» Work item:
Please restate exactly the lines from the one holding "letter obtained CNN." to the end of the material, including both ends and excluding every picture.
━━━━━━━━━━━━━━━━━━━━━━━━━━━━━━
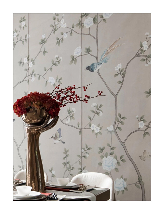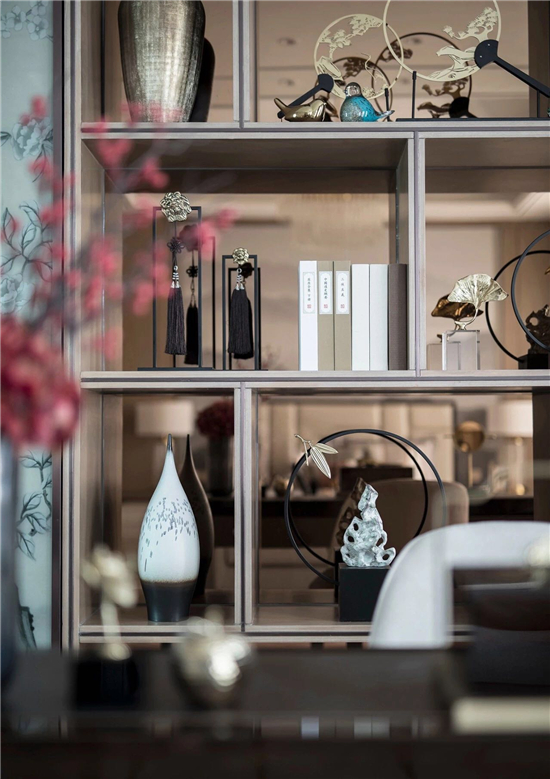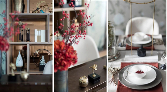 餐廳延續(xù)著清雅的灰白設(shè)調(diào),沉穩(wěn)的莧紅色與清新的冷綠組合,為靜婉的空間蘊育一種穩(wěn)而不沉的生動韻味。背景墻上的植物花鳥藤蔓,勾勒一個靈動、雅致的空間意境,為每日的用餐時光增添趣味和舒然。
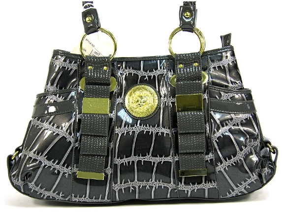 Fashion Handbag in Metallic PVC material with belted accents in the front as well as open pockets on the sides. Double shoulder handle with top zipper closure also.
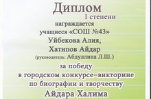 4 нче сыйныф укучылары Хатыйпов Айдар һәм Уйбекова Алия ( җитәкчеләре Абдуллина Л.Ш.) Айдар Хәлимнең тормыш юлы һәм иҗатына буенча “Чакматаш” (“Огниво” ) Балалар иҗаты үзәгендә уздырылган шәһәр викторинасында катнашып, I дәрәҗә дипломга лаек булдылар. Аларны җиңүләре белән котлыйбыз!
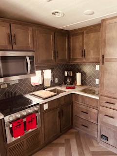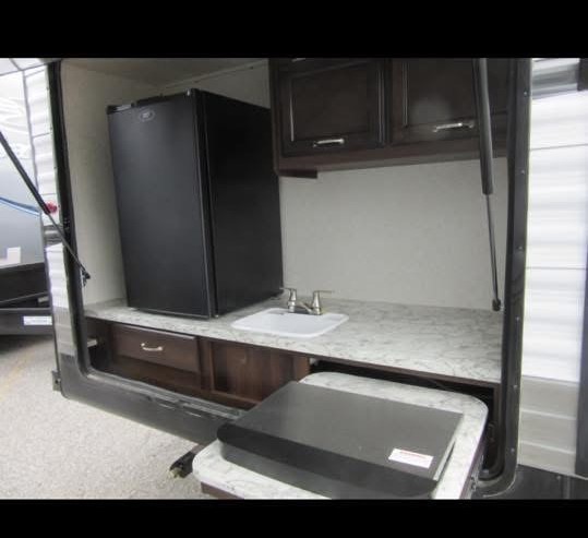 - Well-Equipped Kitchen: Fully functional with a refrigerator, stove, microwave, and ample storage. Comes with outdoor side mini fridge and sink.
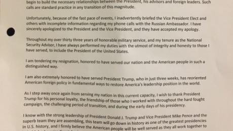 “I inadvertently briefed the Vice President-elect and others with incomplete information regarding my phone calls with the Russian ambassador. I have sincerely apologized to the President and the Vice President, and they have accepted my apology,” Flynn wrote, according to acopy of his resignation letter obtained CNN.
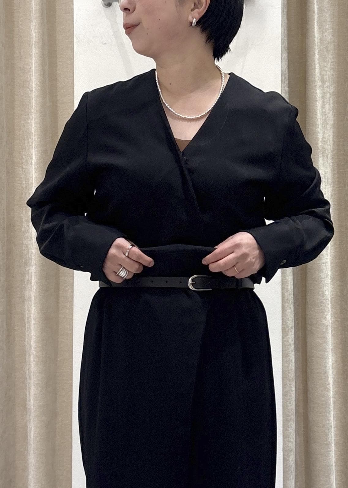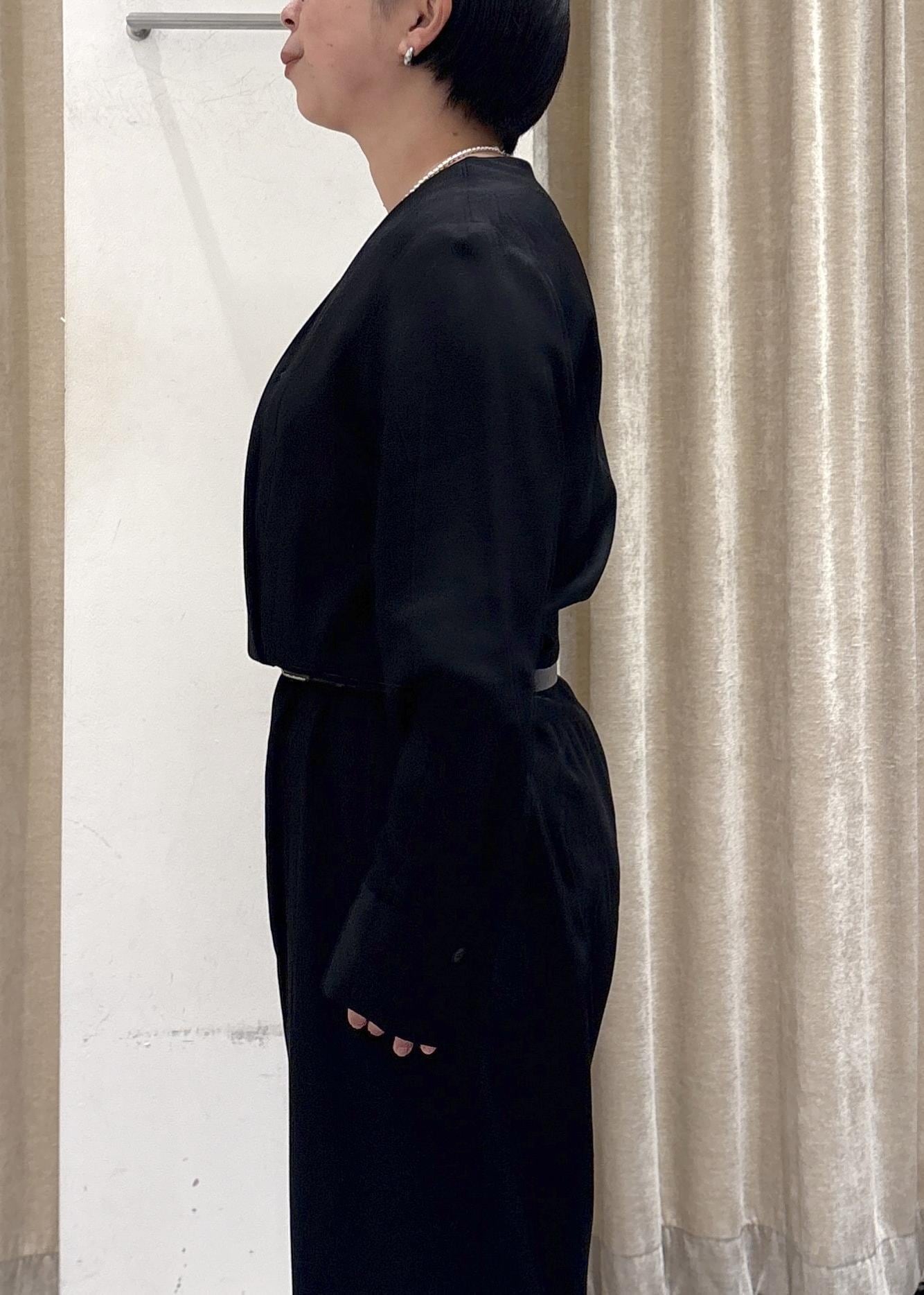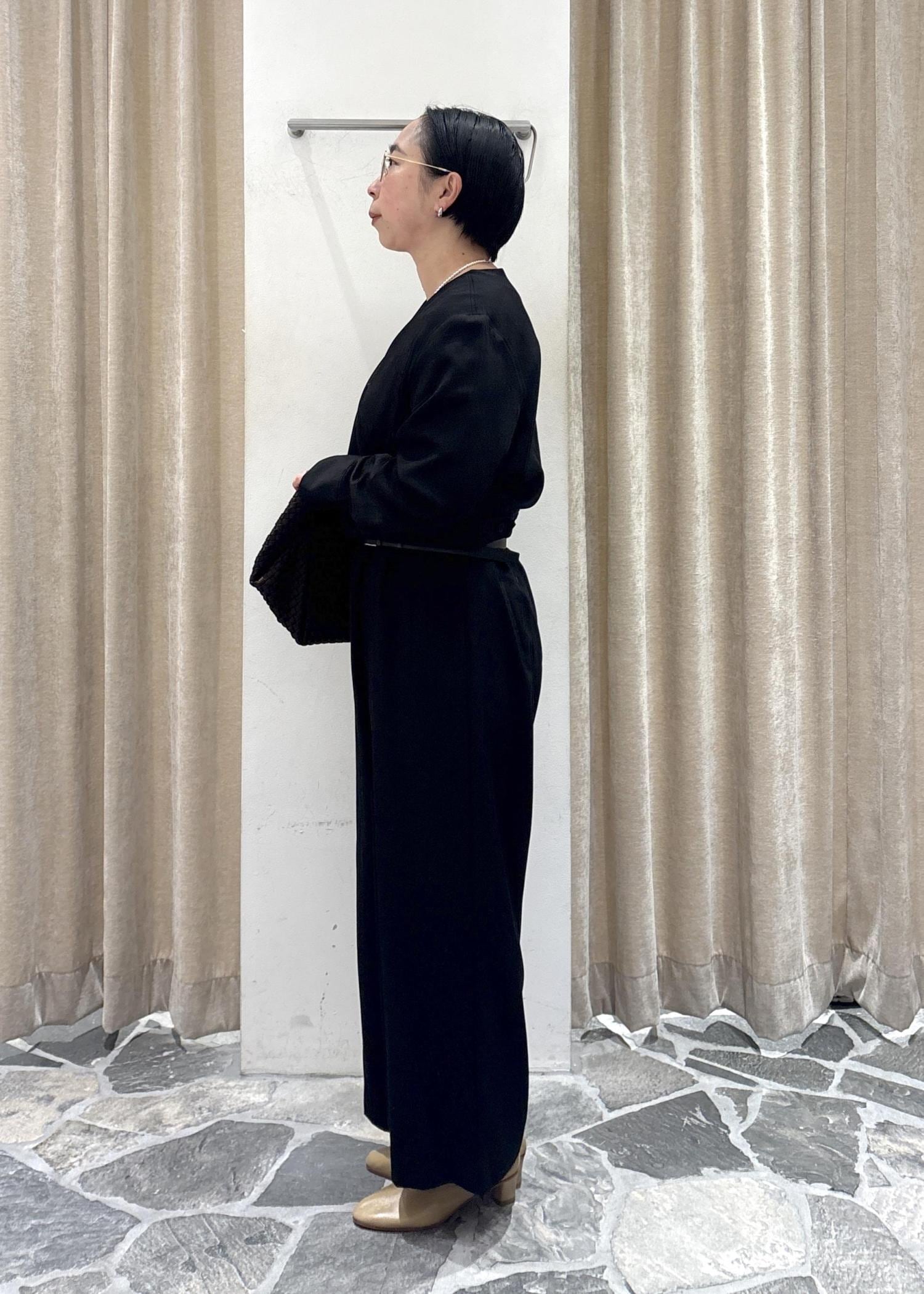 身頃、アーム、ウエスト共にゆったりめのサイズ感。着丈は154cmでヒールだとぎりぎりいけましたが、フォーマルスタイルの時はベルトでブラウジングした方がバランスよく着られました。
━━━━━━━━━━━━━━━━━━━━━━━━━━━━━━
» Written reply:
 “I inadvertently briefed the Vice President-elect and others with incomplete information regarding my phone calls with the Russian ambassador. I have sincerely apologized to the President and the Vice President, and they have accepted my apology,” Flynn wrote, according to acopy of his resignation letter obtained CNN.
 身頃、アーム、ウエスト共にゆったりめのサイズ感。着丈は154cmでヒールだとぎりぎりいけましたが、フォーマルスタイルの時はベルトでブラウジングした方がバランスよく着られました。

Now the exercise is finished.